__What the task asks__. Data follows below. Repeat exactly the lines between the line holding "刘先生被安排输注了降压的盐水" and the line holding "测试开始前,杨科长走进教室,为同学们开展", inclusive, and nothing more; drop pictures.
========================
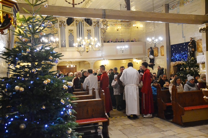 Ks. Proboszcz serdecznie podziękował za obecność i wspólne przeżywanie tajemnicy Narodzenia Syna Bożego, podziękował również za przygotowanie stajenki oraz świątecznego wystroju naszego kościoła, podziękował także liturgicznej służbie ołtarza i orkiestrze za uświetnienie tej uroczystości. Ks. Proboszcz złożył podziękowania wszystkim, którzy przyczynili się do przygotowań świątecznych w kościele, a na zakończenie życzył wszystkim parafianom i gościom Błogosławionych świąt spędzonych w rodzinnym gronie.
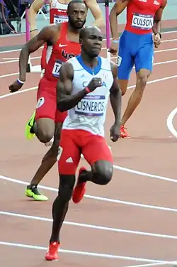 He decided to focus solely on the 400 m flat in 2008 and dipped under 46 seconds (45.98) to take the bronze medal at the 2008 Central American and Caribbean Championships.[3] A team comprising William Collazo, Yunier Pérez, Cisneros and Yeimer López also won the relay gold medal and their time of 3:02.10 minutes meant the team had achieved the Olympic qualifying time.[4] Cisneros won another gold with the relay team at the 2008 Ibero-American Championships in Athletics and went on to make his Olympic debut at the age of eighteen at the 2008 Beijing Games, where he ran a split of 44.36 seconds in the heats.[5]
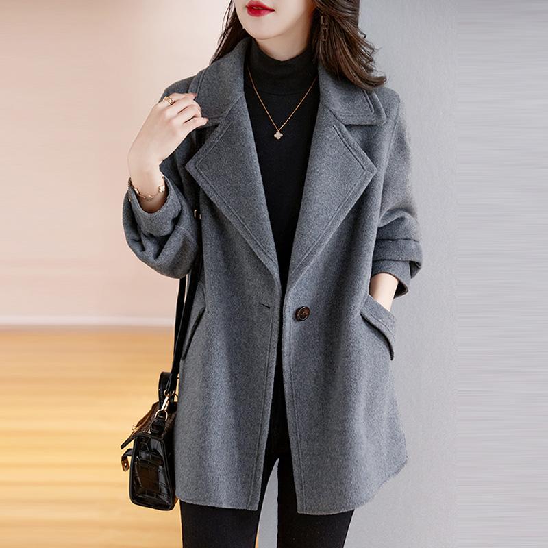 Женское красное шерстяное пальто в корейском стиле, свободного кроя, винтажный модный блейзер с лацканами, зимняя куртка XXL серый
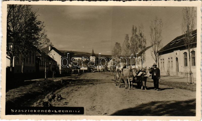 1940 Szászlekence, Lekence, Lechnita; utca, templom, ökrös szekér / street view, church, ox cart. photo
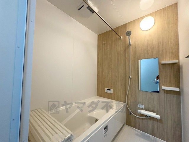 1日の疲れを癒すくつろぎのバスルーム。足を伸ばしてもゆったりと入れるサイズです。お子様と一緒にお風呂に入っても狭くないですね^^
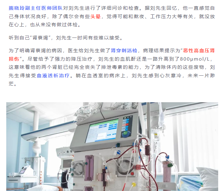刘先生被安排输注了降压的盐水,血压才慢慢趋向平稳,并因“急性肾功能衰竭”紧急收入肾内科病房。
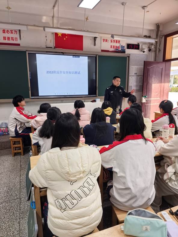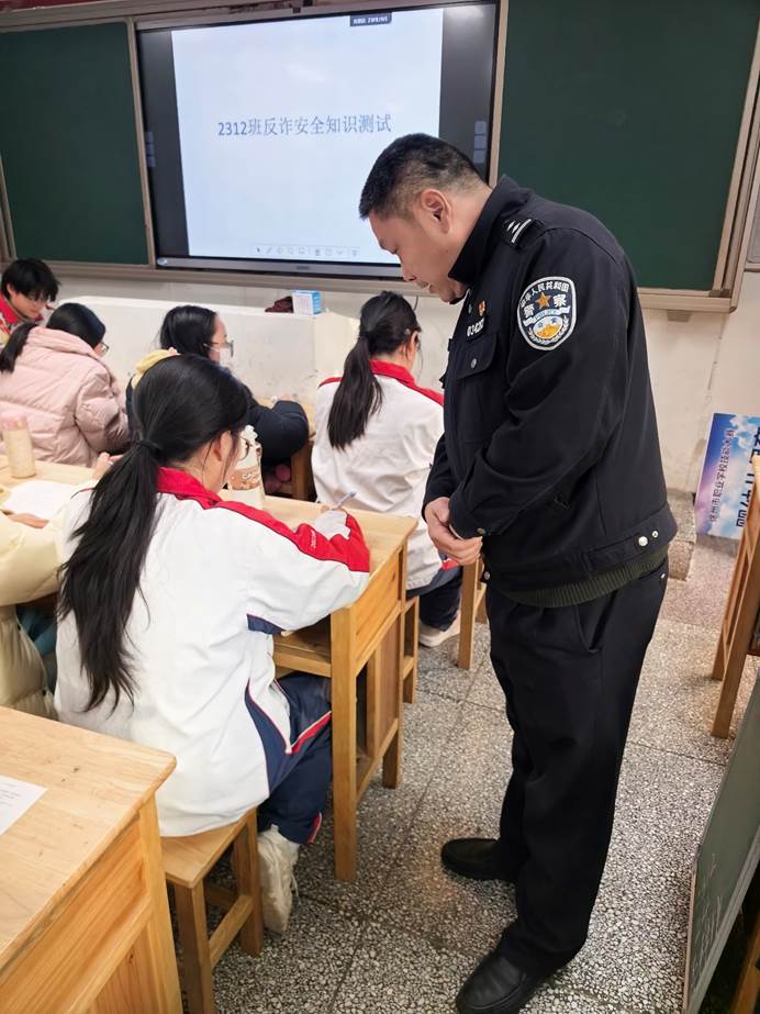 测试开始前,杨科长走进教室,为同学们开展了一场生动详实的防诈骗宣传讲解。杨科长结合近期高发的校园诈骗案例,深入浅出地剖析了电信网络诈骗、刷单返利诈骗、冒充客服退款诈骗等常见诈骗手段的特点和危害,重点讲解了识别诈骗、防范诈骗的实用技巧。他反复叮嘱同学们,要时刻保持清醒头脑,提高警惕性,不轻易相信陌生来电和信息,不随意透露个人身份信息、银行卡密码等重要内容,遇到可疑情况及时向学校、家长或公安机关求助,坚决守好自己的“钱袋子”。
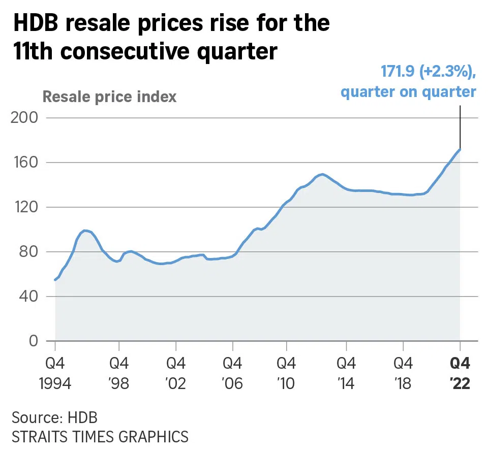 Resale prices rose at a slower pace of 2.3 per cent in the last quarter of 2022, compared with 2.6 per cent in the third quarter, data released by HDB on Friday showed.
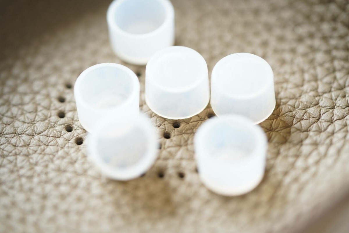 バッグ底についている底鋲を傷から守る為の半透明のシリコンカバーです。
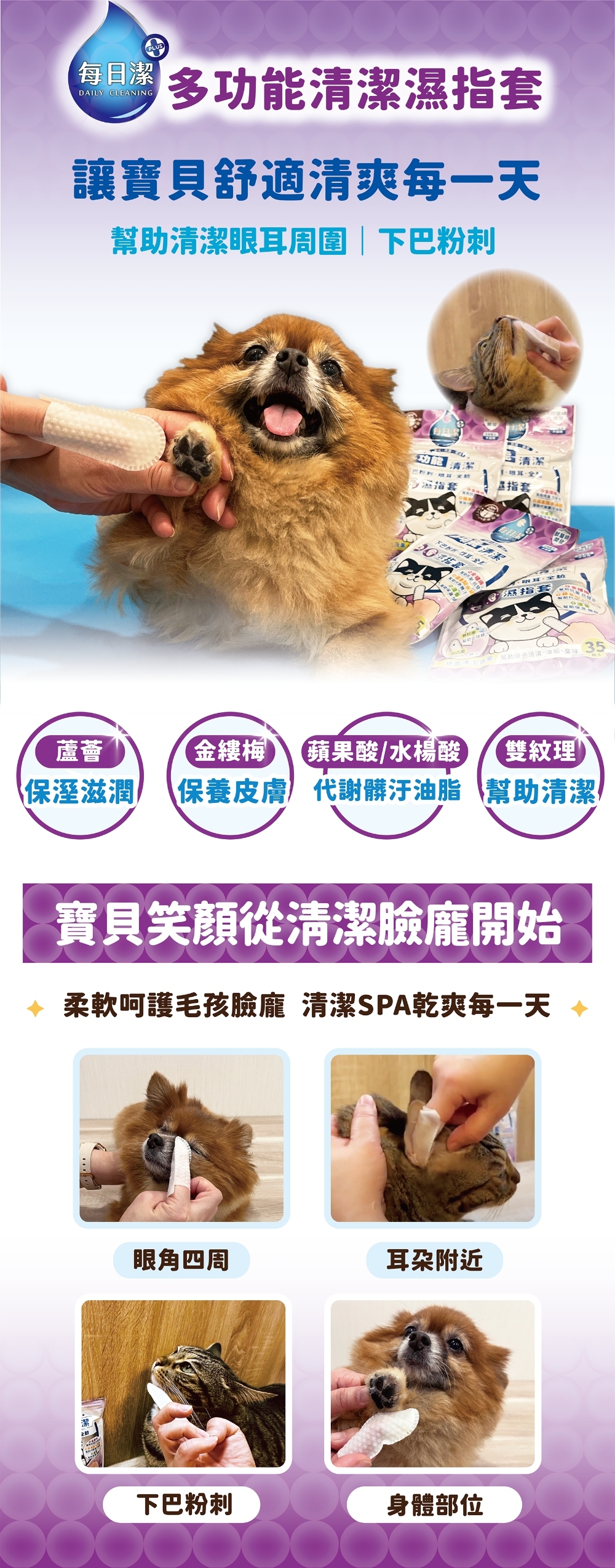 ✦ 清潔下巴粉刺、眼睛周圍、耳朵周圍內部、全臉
========================
__Response__.
刘先生被安排输注了降压的盐水,血压才慢慢趋向平稳,并因“急性肾功能衰竭”紧急收入肾内科病房。
 测试开始前,杨科长走进教室,为同学们开展了一场生动详实的防诈骗宣传讲解。杨科长结合近期高发的校园诈骗案例,深入浅出地剖析了电信网络诈骗、刷单返利诈骗、冒充客服退款诈骗等常见诈骗手段的特点和危害,重点讲解了识别诈骗、防范诈骗的实用技巧。他反复叮嘱同学们,要时刻保持清醒头脑,提高警惕性,不轻易相信陌生来电和信息,不随意透露个人身份信息、银行卡密码等重要内容,遇到可疑情况及时向学校、家长或公安机关求助,坚决守好自己的“钱袋子”。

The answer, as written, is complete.